In light of the observed associations of PYY genetic variation with plasma PYY and other metabolic traits (Table 2) as well as bioinformatic analyses suggesting functional potential of these two gene regions, we developed in cella gene expression (transfected luciferase reporter) assays for promoter A-23G and 3′-UTR C+1134A polymorphisms, using neurendocrine (rat PC12 chromaffin) cells.

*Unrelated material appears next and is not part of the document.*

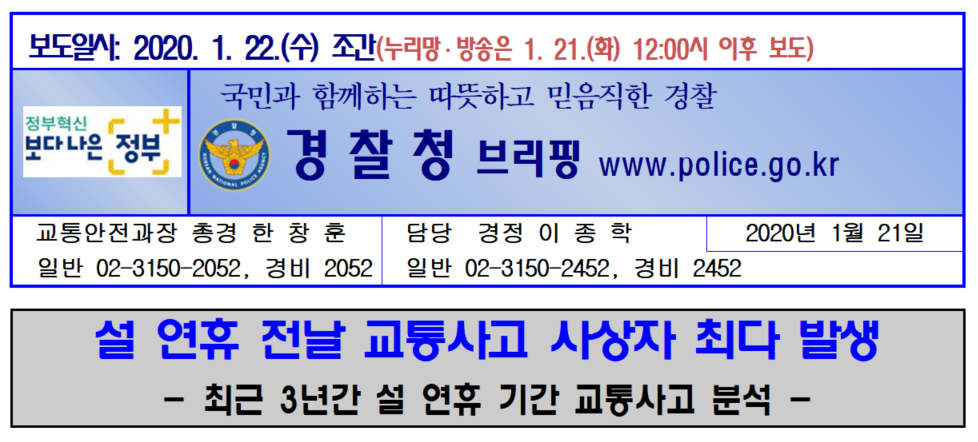설 연휴 전날 교통사고 사상자 최다 발생

We assayed variant-specific gene expression in PC12 chromaffin cells (Fig. 3) with PYY promoter/luciferase reporters for promoter A-23G and 3′-UTR/luciferase reporters for C+1134A.

Figure 3.

Figure 3

Functional studies of trait-associated variants at the human PYY locus. Left panel, Transfected promoter studies. PYY promoter variants were ligated into the promoterless vector pGL3-basic, just upstream of the luciferase ORF. The transfected empty vector (pGL3-basic) yielded an expression value of about 0.7 × 106 luciferase/β-galactosidase units. Right panel, Transfected 3′-UTR studies. PYY 3′-UTR variants were ligated into the XbaI site just downstream of the luciferase ORF in vector pGL3-promoter, in which expression is driven by the Simian virus 40 early promoter. In each case, plasmids were transfected into PC12 chromaffin cells, which were harvested for luciferase reporter activity at 24 h. The transfected empty vector (pGL3-promoter) showed an expression value of about 4.4 × 105 luciferase/β-galactosidase units. Results were corrected for transfection efficiency by cotransfection of a β-galactosidase cDNA whose expression was driven by the cytomegalovirus promoter. Error bars, ±sem in four replicate transfections.

PYY promoter A-23G

The variant (-23G) promoter allele demonstrated about 1.2-fold greater (P = 0.0016) luciferase reporter activity than the wild-type (A-23) allele (Fig. 3, left panel).

PYY 3′-UTR C+1134A

PYY luciferase reporter/3′-UTR variant assay showed the wild-type variant (allele C) to be significantly less in reporter activity comparing to the mutant variant (allele A) (P < 0.001), suggesting correlation between the variant allele and greater transcript abundance (Fig. 3, right panel).

Discussion

Overview

This study demonstrates four new findings about human PYY genetic variation: 1) the PYY gene harbors at least nine SNPs, of which four are common with minor allele frequency greater than 5%; 2) metabolic syndrome traits in healthy twins are highly heritable, and plasma PYY shares significant genetic determination (pleiotropy) with BMI; 3) a haplotype spanning PYY as well as a SNP located in the 3′-UTR of PYY associates with not only circulating (plasma) PYY but also multiple metabolic syndrome traits including BMI, HDL, and total cholesterol; 4) in cella luciferase reporter expression and bioinformatic analyses demonstrate functional roles for both a PYY promoter and the 3′-UTR SNPs in regulating gene expression, thereby supporting the human marker-on-trait associations and revealing functional mechanisms whereby PYY genetic variation contributes to obesity and related metabolic syndrome risk traits.

Context

Previously published studies demonstrated associations between polymorphism at the human PYY locus and metabolic syndrome traits but with variable results. Hung et al. (24) discovered two rare PYY variants (Leu73Pro and IVS2+32delG) in 101 English subjects with early-onset obesity. Ahituv et al. (25) observed association of genetic variation at PYY with obesity in subjects with BMI extreme values in the population; findings included association of common variant Arg72Thr as well as segregation of rare variant Gln62Pro with body mass. Torekov et al. (11) found association of the PYY Arg72 allele with type 2 diabetes, elevated BMI, and glucose intolerance in the Danish population; however, neither Santoro et al. (26) nor Lavebratt et al. (27) found association for Arg72Thr with BMI or blood pressure. Ma et al. (28) found that obesity was predicted by two PYY genetic variants in Pima Indian men. Siddiq et al. (29) found association of an intronic PYY variant with childhood obesity but not in adults in a European sample. However, the mechanism whereby PYY genetic variation influences metabolic syndrome traits has remained elusive.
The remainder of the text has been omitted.